I have eaten at Flying Fish, and I left impressed with their flavors and execution. I possessed some high hopes for the Oyster Frenzy event they were hosting. Hopes... meet jagged rocks, and prepare to be dashed.
First and most obvious problem from the onset...OVERSOLD. We walked into a 3-alarm fire hazard. I swear to you, we could barely move, let alone get to the drink-ticket table, the bar, or circuitously navigate the food stations. Bright, red cocktail sauce being wielded on flimsy, white-paper plates just begged to be douched all over the side of some unsuspecting, mollusckular munchhound. This was a pickpockets wet dream and I was mute with disgust.
Problem numero dos...UNINSPIRED. Bisque, Rockefeller, cornmeal-fried, or raw...I truly expected some different expressions of the buttery bivalve. The breading on the fried version really missed the boat on seasoning. Was the chef depending on the red-sauce and horseradish to liven up the bland blobs of crunch? I do not know, but screw them anyway...dissappointment...washing...over me. The bisque was too milky. It should have reduced some more. Yes the oysters IN the stew were delicious, but they still couldn't lift the dish above the mediocre, thin-bisqued broth.

Some good things:
- The Rockefeller. They were packed with a rich, creamy, cheese component evidently bolstered with some wine/vermouth/cognac. Some panko crumbs and spinach, etc. blah, blah. We all know what is in Oysters Rockefeller...they WERE good though.

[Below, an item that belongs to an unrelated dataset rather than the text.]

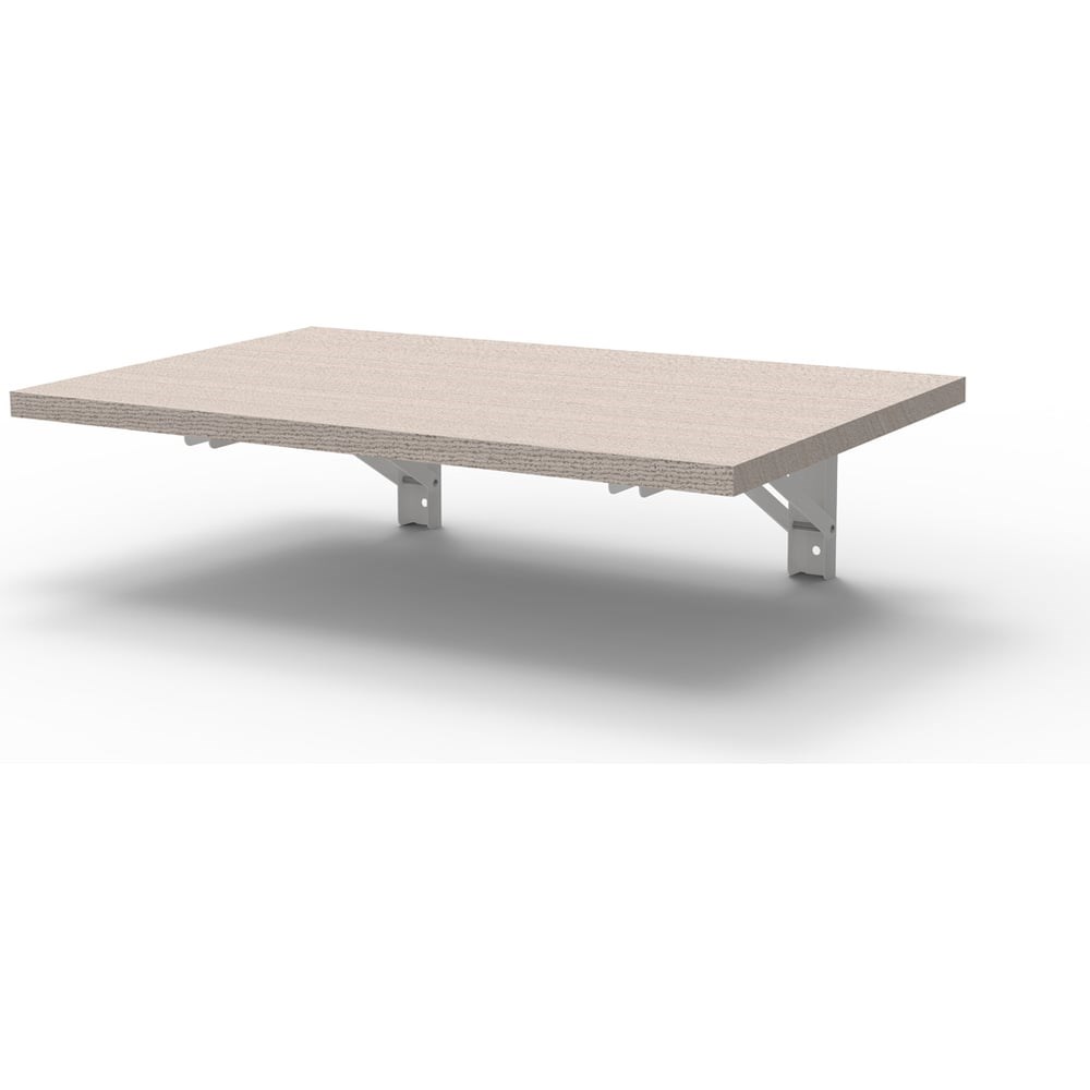 Стол журнальный раскладной. Крепится к стене. Кронштейны выполнены из стали, окрашены в белый цвет. Столешница ДЛСП 16мм, цвет ясень шимо светлый. Раскладной стол подойдет для небольшого помещения. Благодаря своей конструкции стол экономит место.Откидной стол подойдет в комнаты, которые хочется организовать под рабочее место, например, балкон. Раскладной столик можно использовать в качестве кухонного стола на небольшой кухне или журнального стола в небольшой гостиной. Максимально распределенная нагрузка до 30кг.

- Raw oysters. 5 quality, and subtly unique varieties of oyster. All I could eat...nothing to criticize here.
- Pairings. The drinks they were slingin matched up with their preparations pretty well. Malty red-ale and a floral, delicate pilsner were tasty with the fried oysters. The red helped the stew overcome some of its negatives as well, sweetening up the deal for a mouthful of bland bisque. There was sparkling and sauv blanc and cucumber cosmos that worked bright on bright with the fresh, raw guests of honor.